WHAT THE EXERCISE ASKS -> Exactly as they appear below, repeat the lines from the one with "Сушилка для белья" through the one with "內含 DIY 彩繪鯉魚旗". Drop every picture.

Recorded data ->

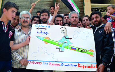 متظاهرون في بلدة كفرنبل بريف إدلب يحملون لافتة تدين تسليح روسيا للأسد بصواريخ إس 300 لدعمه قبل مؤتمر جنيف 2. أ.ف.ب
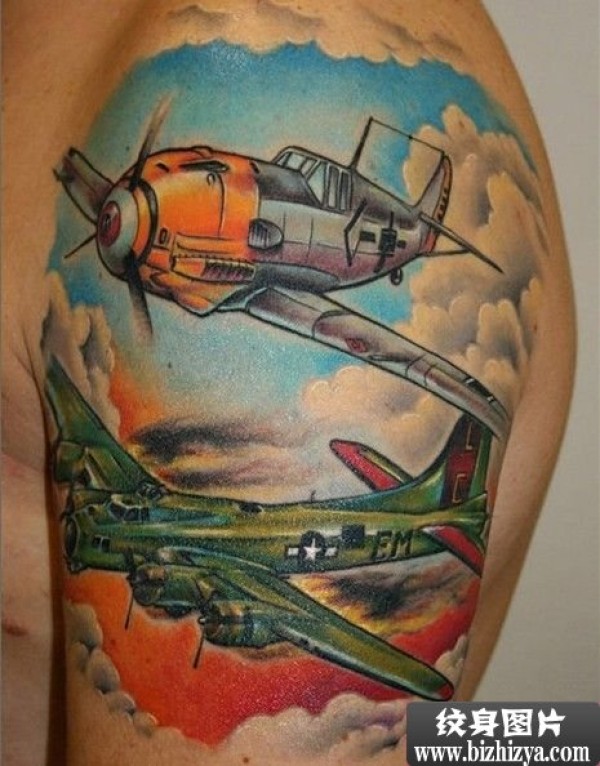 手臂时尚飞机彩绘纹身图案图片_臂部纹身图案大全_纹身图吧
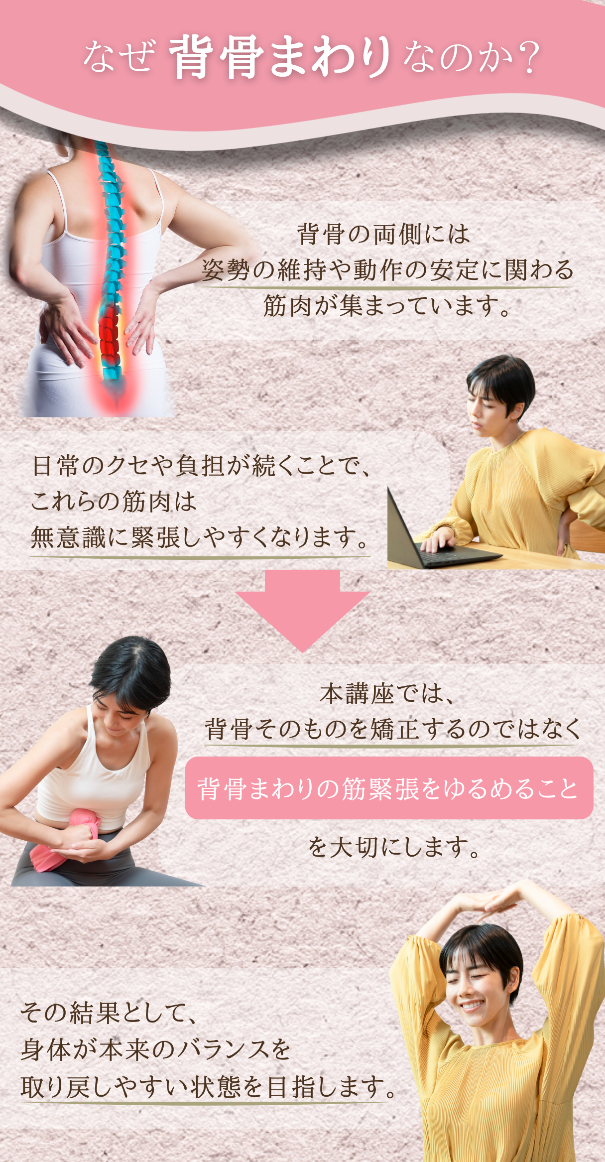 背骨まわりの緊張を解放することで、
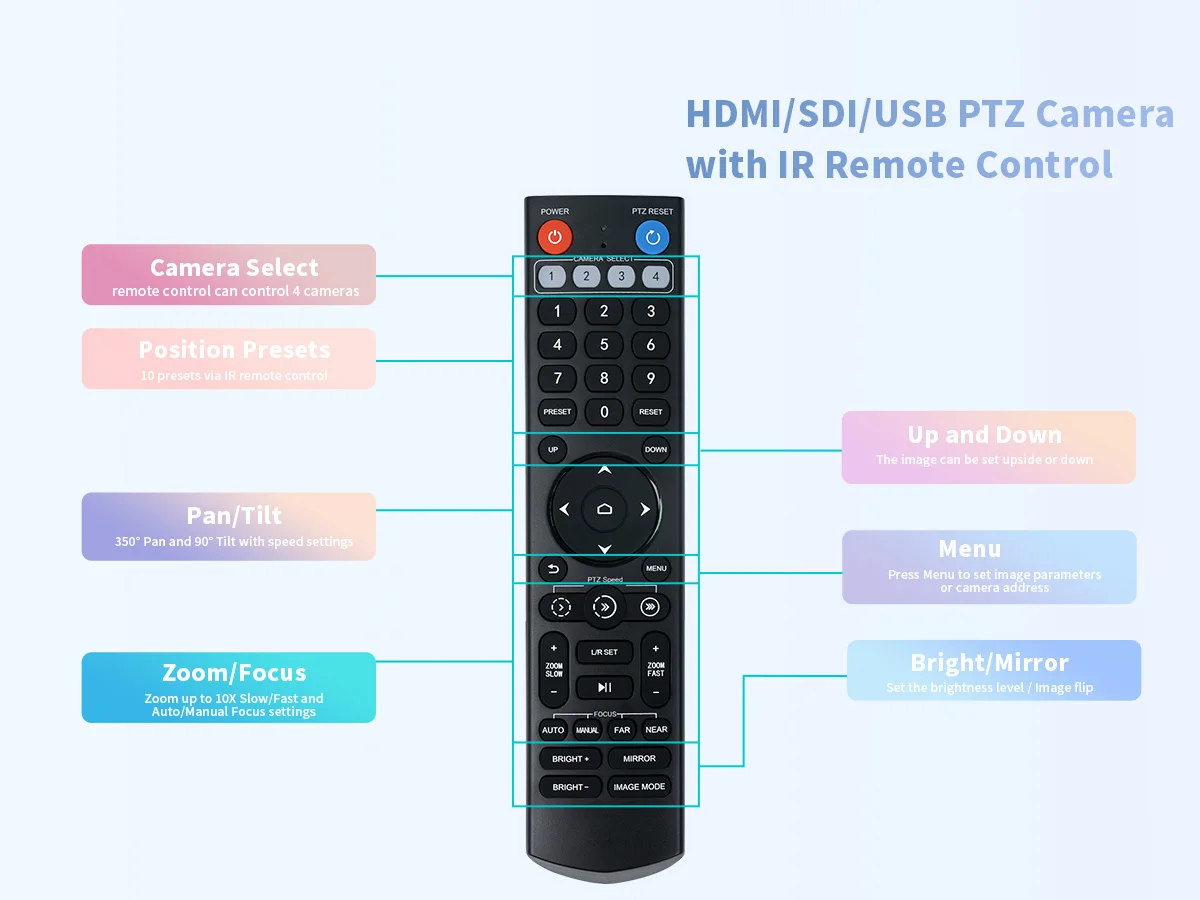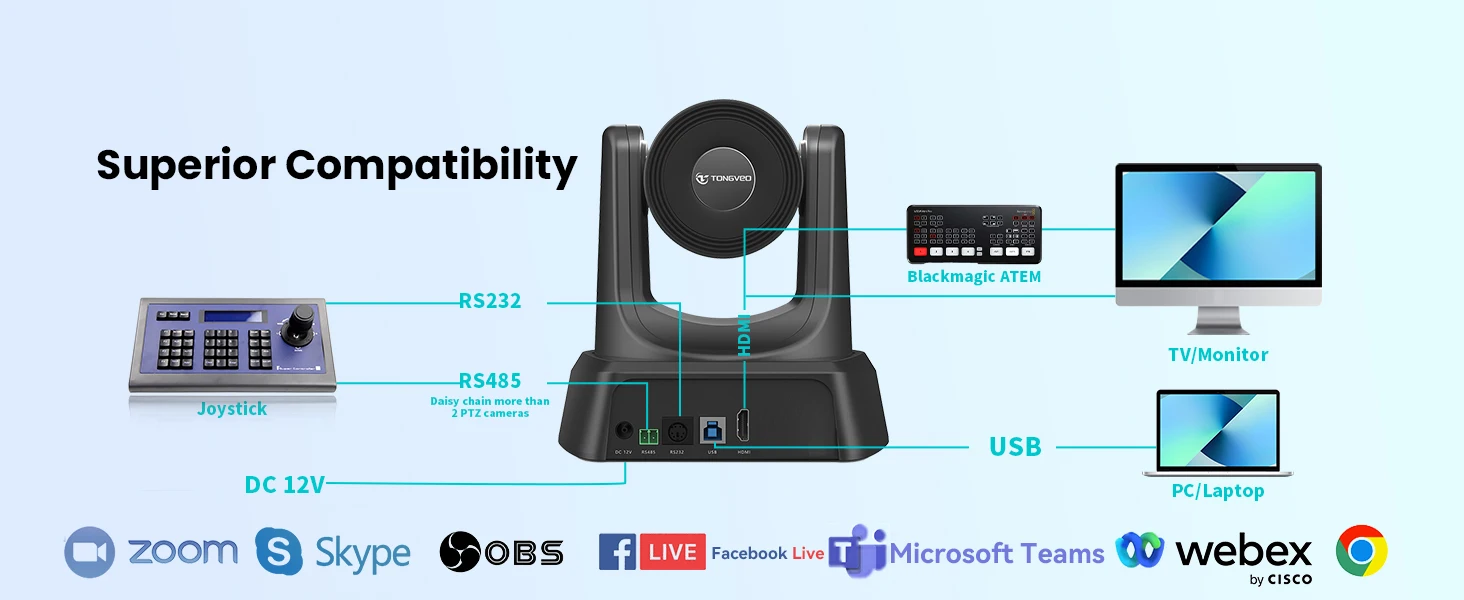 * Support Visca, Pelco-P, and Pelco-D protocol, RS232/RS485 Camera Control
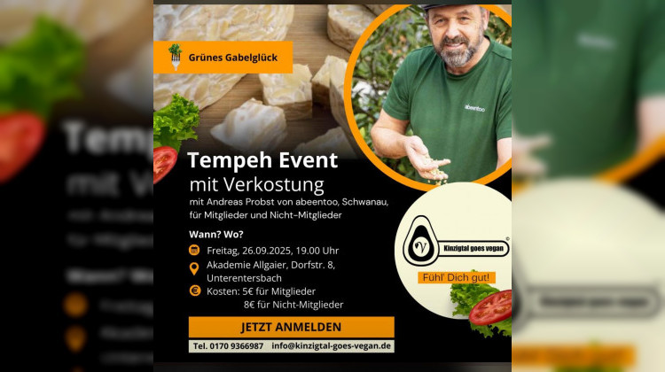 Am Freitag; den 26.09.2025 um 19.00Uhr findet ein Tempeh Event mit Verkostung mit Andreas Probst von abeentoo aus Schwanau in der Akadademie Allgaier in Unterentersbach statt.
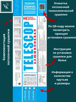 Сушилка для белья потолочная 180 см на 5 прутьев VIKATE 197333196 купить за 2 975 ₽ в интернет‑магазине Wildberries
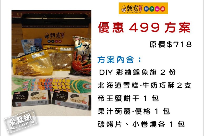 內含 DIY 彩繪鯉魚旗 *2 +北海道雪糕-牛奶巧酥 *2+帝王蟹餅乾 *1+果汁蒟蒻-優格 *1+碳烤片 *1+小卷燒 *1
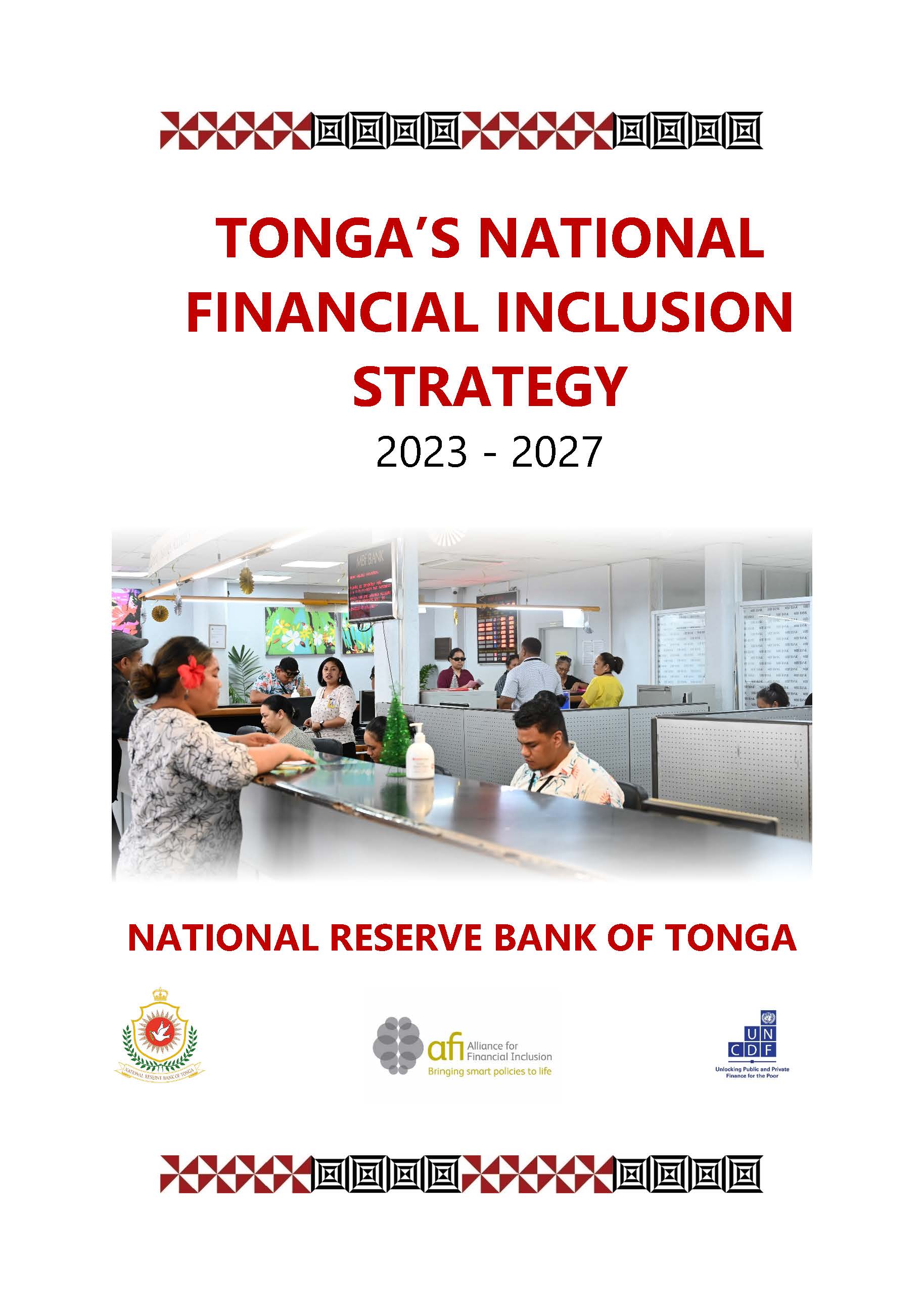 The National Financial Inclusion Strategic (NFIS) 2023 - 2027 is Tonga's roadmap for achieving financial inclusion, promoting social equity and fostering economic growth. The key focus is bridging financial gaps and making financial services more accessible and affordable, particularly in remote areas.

YOUR SOLUTION ->
 Сушилка для белья потолочная 180 см на 5 прутьев VIKATE 197333196 купить за 2 975 ₽ в интернет‑магазине Wildberries
 內含 DIY 彩繪鯉魚旗 *2 +北海道雪糕-牛奶巧酥 *2+帝王蟹餅乾 *1+果汁蒟蒻-優格 *1+碳烤片 *1+小卷燒 *1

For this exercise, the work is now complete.